We go into Melbourne as much as possible to go to the Melbourne Museum and Scienceworks, which I can’t recommend enough for babies and toddlers. It’s amazing. If I lived in Melbourne, I’d go every day. Spring is just around the corner so I just need to hang in there. We are going to Sydney this week and it’s a full 10 degrees warmer there every day. Insane. Why don’t we move to Sydney?

Well in other news, I lost my job last week. Yep, this is the third time in a row I have been made redundant. Un-fucking-believable. I thought it was coming for a while so it wasn’t a shock. The whole team were made redundant because the company has no money, so I guess I can’t take it personally. In many ways, it’s a relief because I was burning the candle at both ends to work 25 hours and still be a full time stay at home mum. I was kind of killing myself and felt like I was a shit mum and a shit employee so it was causing me a lot of stress.

I’m not really sure what I’ll do now. I had a good situation where I was mostly working from home. I live a long way from the CBD so it makes it difficult to find work. I also just don’t think Augie is ready for childcare yet. He’s incredibly shy and I just don’t want to put him through that trauma. I really wanted to wait to put him in childcare when it was best for him, not when it suited me. I’m not sure I’ll always have that luxury, in fact I may need to start checking out childcare centres very soon.

Augie had a 2 year check up with the child and maternal health nurse a couple of weeks ago. It wasn’t a great experience. She got in his face immediately to engage him and upset him and just didn’t seem to understand he was shy (then she refused to let him have a sticker unless he came and took it from her, which he was too scared to do). She gave me a massive lecture that I rock him to sleep and said I was hurting him and it was very sad for him that he needed to be rocked to sleep. She told me he should go to sleep school and when I mentioned that I understand they let kids cry it out at sleep school and she said that’s what he needs to learn to sleep. I’m not at all supportive of cry it out methods for our family and I’m finding it frustrating that it seems to be the norm in our culture. When I talk to friends, or other mums or read sleep advice online it always leads to cry it out methods. I end up feeling like I need to defend my gentle approach. I think I just need to stop talking to people about it. The next time someone asks me how he’s sleeping, I should just say “fine”.

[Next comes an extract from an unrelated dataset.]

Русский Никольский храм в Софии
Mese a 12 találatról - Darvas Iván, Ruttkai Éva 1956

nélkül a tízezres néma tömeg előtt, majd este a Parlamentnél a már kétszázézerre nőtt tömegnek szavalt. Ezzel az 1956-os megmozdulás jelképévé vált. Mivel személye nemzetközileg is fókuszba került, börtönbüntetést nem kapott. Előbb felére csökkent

She also did an autism screening test, which he passed fine as it was just about making eye contact, pointing at things, recognising his name, creative play and things like that. I did raise with her that I had niggling concerns about him being different to other kids. I don’t know how else to say it, but he just isn’t the same as other kids at playgroups or my friend’s kids. I like to say he’s quirky, but I do worry it’s more than that. He’s obviously very shy, he’s obsessed with fans (which is an autism factor), if we go somewhere he just plays with the fire hydrants or other weird things and not the toys, he gets obsessed with opening doors and flicking on lights, sometimes when I sing or put on music he says “stop” like the noise upsets him (I do have a terrible singing voice). I don’t know what is just being a toddler and what is different. I really wish my mum was here because she had three kids and I’m sure she’d be able to give me some guidance.

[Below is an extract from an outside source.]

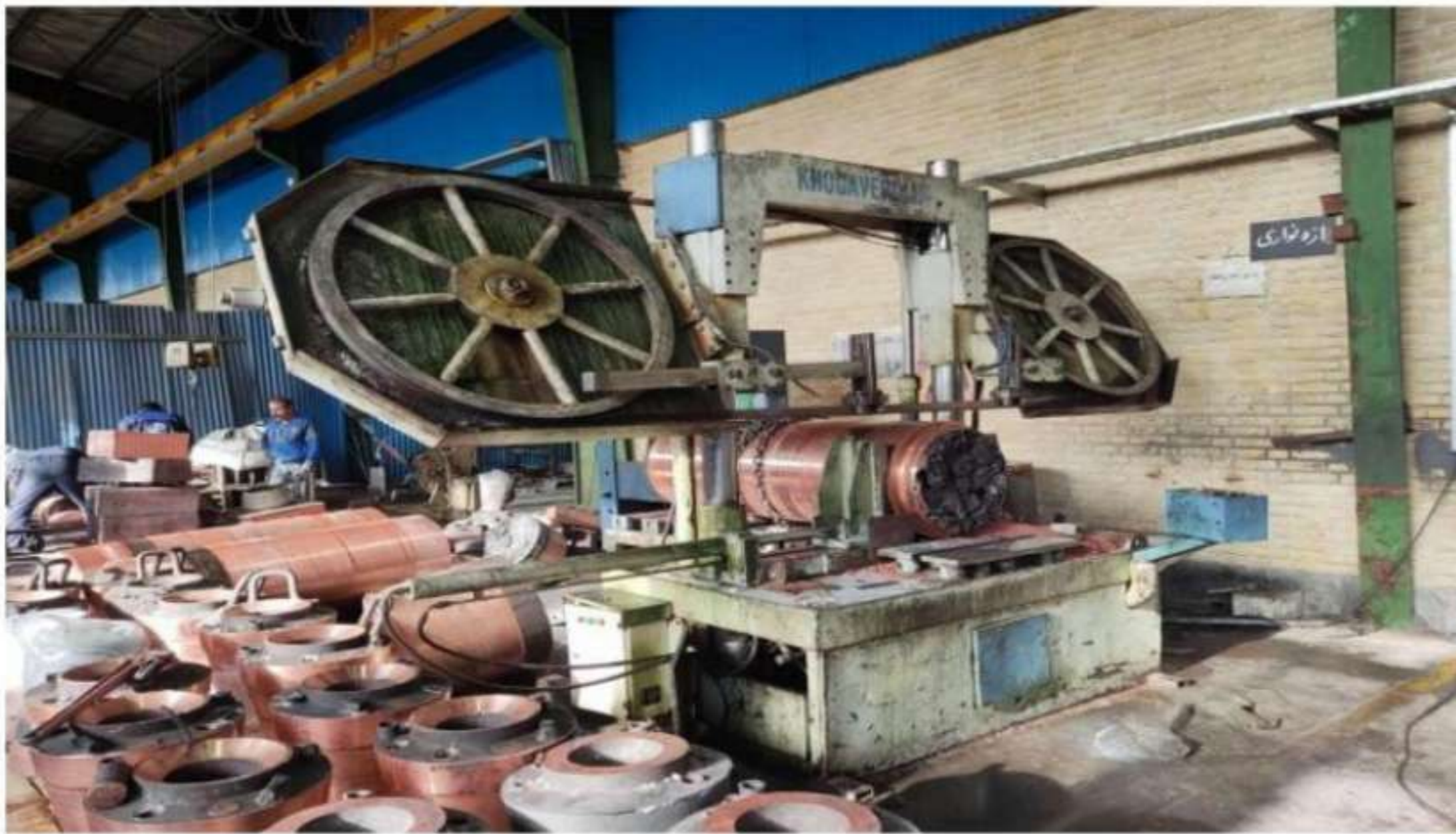
تصویر ساخت محصول در مرحله برشکاری با ااره

It plays on my mind a lot. I’m not sure if it’s heightened because about 6 years ago I worked with a girl who was pregnant with a baby boy and she was obsessed with worrying he would have autism (he doesn’t). I don’t know if I would have actually thought about it if it wasn’t for that experience. AJ just recently reminded me that my mum used to say she thought I was autistic when I was young (which I’m not) so maybe it’s just hereditary traits. I guess all I know is that I think he’s perfect as he is right now and I don’t want him to change. But I still worry.

I’ve been quite down in the dumps lately from work stress, lack of sleep, feeling lonely, gaining weight, financial pressures, missing my mum and a lot of small things. I decided last night I need to do 3 things to feel better:

  1. Count my blessings to have AJ and Augie
  2. Be of service to the community in a charitable way
  3. Exercise

Wish me luck.

14 Months = Why Won’t You Sleep Child?

Let me just start this by saying that this has been a tough month for bub (and me!). It’s been a bad combination of a developmental leap, molars, sickness and travelling.

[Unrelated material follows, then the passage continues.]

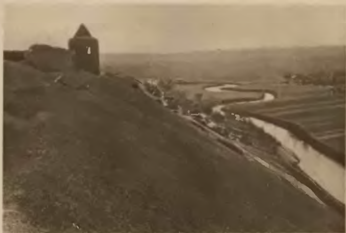
44. Trembowla . Jar Seretu pod monasterem.

I really should look at the Wonder Weeks (development leap) app before planning a 26 hour return road trip to the Hunter Valley. His recent leaps hadn’t been that noticeable though, in fact I think I might have jinxed myself by saying they aren’t even a thing for him anymore. I can’t exactly say it was the relaxing winery getaway that we had planned. But obviously I enjoy rocking a crying baby all night instead of eating cheese and drinking wine with my friends and playing cards against humanity. FML.

The week before we left he was just miserable with his molars and then the first two popped through on the day we left for our trip (not that this helped at all). Then we started leap 9. Whoa that’s been a tough one. Well we are still in it for one more week but I’ve seen the light at the end of the tunnel. Last night he slept 7.00 pm – 8.00 am. Thank god!!!

The only thing that saved us on this trip away was that we stopped and bought an iPad holder for the back of the seat in the car. I’ve always been a bit anti kids using devices, but I sure changed my tune quickly! I put his favourite nursery rhyme show on, Little Baby Bum, (the only show he’ll watch) and he just chilled for the whole drive. Life saver!

So we got through the drive, but he still wouldn’t sleep at night. It’s like he’s just so buzzed when he’s in a leap and can’t wind down to sleep. One night we resorted to driving him around Sydney (where I was visiting my brother) at 11 pm until he fell asleep.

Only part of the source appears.